**Materials provided**.
_ _ _ _ _
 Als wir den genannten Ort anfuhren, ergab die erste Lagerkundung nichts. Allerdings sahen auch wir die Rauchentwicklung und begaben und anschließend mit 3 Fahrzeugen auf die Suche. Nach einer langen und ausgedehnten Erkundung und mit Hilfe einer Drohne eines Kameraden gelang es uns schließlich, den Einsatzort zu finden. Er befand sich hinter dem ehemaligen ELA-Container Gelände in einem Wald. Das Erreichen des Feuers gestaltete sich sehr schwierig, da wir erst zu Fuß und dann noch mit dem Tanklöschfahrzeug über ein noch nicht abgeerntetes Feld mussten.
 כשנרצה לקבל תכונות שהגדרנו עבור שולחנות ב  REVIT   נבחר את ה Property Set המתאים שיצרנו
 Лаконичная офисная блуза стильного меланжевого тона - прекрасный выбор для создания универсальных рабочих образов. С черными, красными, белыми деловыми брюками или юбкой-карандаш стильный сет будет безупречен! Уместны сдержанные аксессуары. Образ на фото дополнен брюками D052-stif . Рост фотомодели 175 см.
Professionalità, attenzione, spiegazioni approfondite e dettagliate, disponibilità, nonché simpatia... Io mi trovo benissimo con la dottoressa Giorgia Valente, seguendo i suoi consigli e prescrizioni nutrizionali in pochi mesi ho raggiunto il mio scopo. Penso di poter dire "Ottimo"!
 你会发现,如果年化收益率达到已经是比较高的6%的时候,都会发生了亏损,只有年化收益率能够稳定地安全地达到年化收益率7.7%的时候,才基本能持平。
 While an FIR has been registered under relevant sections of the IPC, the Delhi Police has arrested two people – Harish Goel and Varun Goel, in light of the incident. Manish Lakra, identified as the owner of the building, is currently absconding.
_ _ _ _ _
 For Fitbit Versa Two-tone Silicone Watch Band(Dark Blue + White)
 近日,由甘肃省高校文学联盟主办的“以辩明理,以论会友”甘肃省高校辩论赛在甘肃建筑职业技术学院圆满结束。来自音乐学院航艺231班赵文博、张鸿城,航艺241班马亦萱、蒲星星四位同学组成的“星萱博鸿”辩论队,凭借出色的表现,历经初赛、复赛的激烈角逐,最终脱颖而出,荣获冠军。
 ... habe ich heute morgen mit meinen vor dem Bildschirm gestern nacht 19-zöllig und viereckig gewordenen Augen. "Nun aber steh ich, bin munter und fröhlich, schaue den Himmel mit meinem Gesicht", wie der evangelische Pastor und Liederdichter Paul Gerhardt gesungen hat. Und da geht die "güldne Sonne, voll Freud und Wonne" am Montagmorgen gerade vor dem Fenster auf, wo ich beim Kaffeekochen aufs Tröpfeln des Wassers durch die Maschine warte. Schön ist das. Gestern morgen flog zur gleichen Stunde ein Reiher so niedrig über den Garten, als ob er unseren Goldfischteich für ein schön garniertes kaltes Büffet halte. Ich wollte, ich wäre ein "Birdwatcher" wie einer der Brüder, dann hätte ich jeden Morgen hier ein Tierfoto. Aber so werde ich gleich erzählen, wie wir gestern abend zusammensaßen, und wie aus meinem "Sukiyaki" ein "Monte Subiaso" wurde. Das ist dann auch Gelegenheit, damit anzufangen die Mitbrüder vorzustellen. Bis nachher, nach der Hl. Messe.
_ _ _ _ _
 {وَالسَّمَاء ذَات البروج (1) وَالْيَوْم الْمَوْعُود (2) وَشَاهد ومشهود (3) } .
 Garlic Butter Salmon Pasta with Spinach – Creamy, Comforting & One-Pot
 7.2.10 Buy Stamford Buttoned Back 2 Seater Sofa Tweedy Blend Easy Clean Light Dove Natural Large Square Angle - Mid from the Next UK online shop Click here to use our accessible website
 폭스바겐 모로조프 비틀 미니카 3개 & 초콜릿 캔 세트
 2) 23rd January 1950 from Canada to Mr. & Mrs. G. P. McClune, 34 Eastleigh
_ _ _ _ _
**Required work**. Among the lines of the listing above, count those that contain "from" and give only the count.

**Response**. 2